I have already protracted this opinion and must shortly bring it to a close. I cannot be expected to treat fully all the points presented and argued, so shall conclude with a few general statements relating to other points and the citation of authorities bearing thereon. Although the deed in question is signed by the trustees individually, the word *587trustees not being added after their signatures, which is generally done, since the body of the deed recites that the grantors therein are trustees, such deed is good as a conveyance from the trustees and passes whatever title they have as such. Boggess v. Scott, 48 W. Va. 316, 37 S. E. Rep. 661. As to the binding force of the personal covenants and that the grantors are estopped thereby, see Bloom v. Wolfe, 50 Iowa 286; Mitchell v. Hazen, 4 Conn. 495; North v. Henneberry, 44 Wis. 306; Hitchcock v. Southern Iron & Timber Co., Tenn. Ch. App. , 38 S. W. Rep. 588; Sumner v. Williams, 8 Mass. 162, 5 Am. Dec. 83; Duval v. Craig, 2 Wheaton (U. S.) 45. Also see note on page 224 of 17 Am. Dec.

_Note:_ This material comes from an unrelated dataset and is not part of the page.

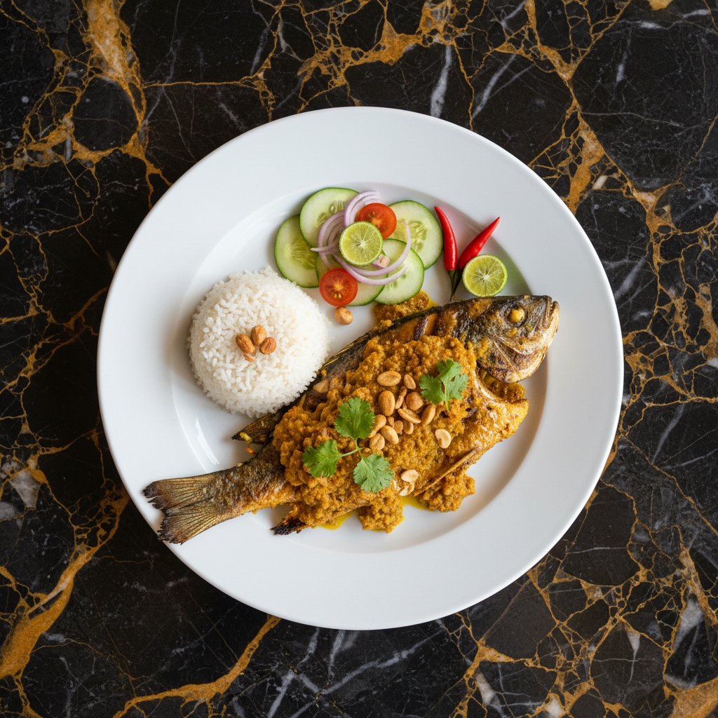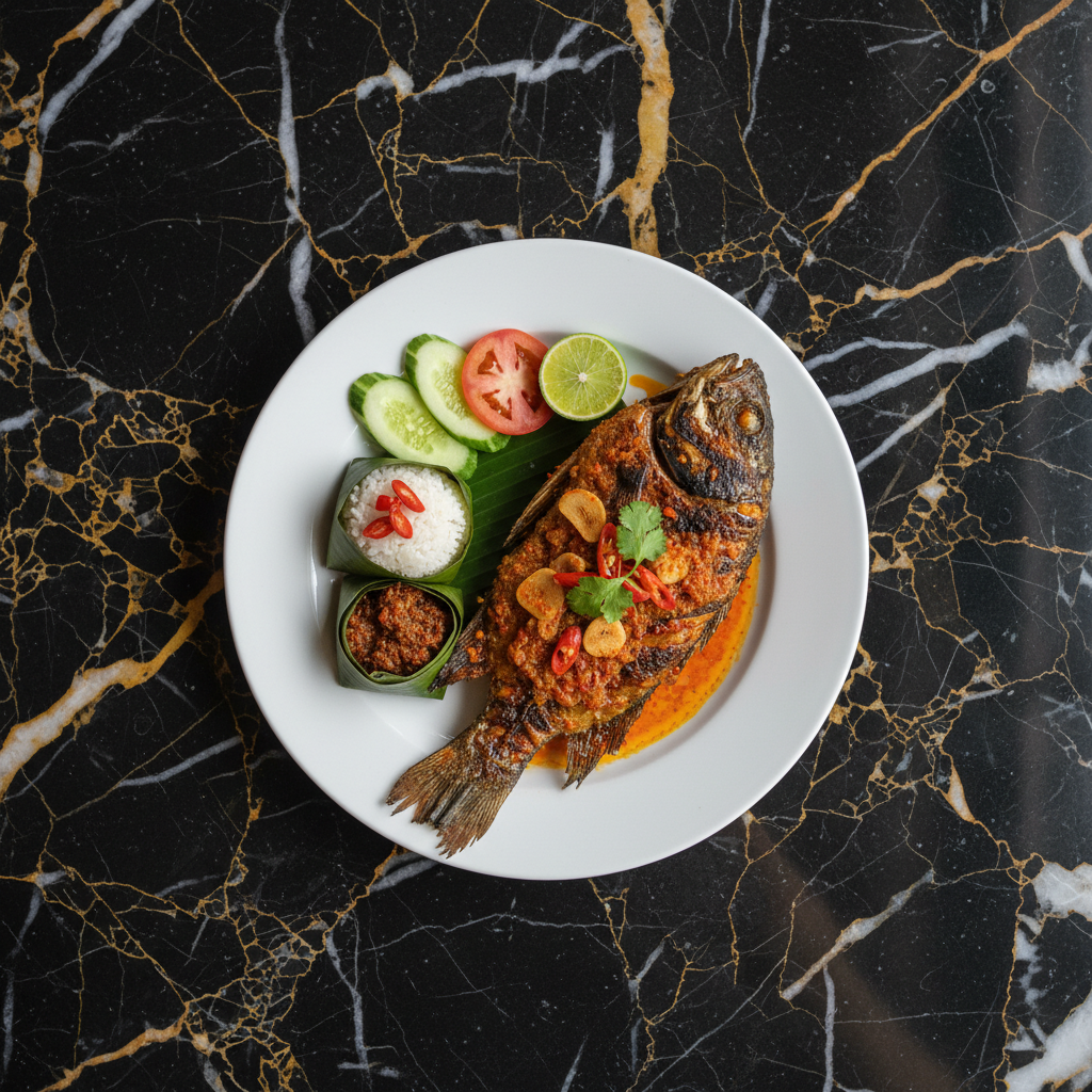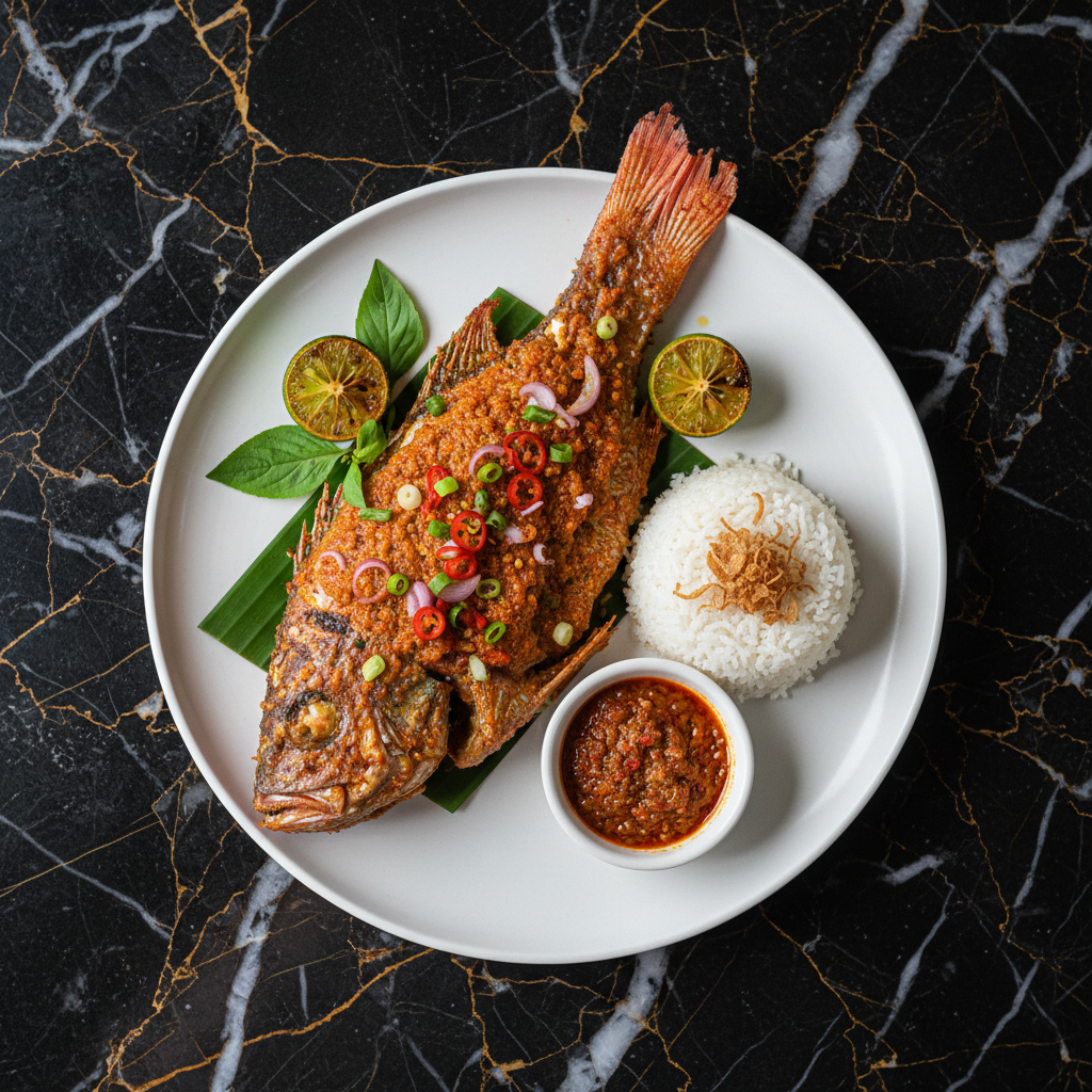 A classic Indonesian dish featuring a whole fish marinated in a sweet and savory glaze, then grilled to perfection. Often served with a fiery sambal and fresh vegetables, it's a staple in Indonesian seafood restaurants.

Upon the question of reformation and rescission generally, the following additional authorities will be found helpful: Kennerty v. Etiwan Phosphate Co., 21 S. C. 226, 53 Am. Rep. 669; Hope v. Bourland, 21 Okla. 864, 98 Pac. Rep. 580; Benn v. Pritchett, 163 Mo. 560, 63 S. W. Rep. 1103; Dougherty v. Dougherty, 204 Mo. 228, 102 S. W. Rep. 1099.

I have given this case .my most patient and careful consideration. It follows from what I have said that I have reached the conclusion that the bill not only fails to state a case for reformation or rectification, but that it likewise fails to make or state a case for cancellation or rescission, therefore the court erred in not sustaining the demurrer thereto. I think that the order appealed from should be reversed and the case remanded, with directions to sustain the demurrer to the bill.

Cockrell, J., concurs in the foregoing dissent.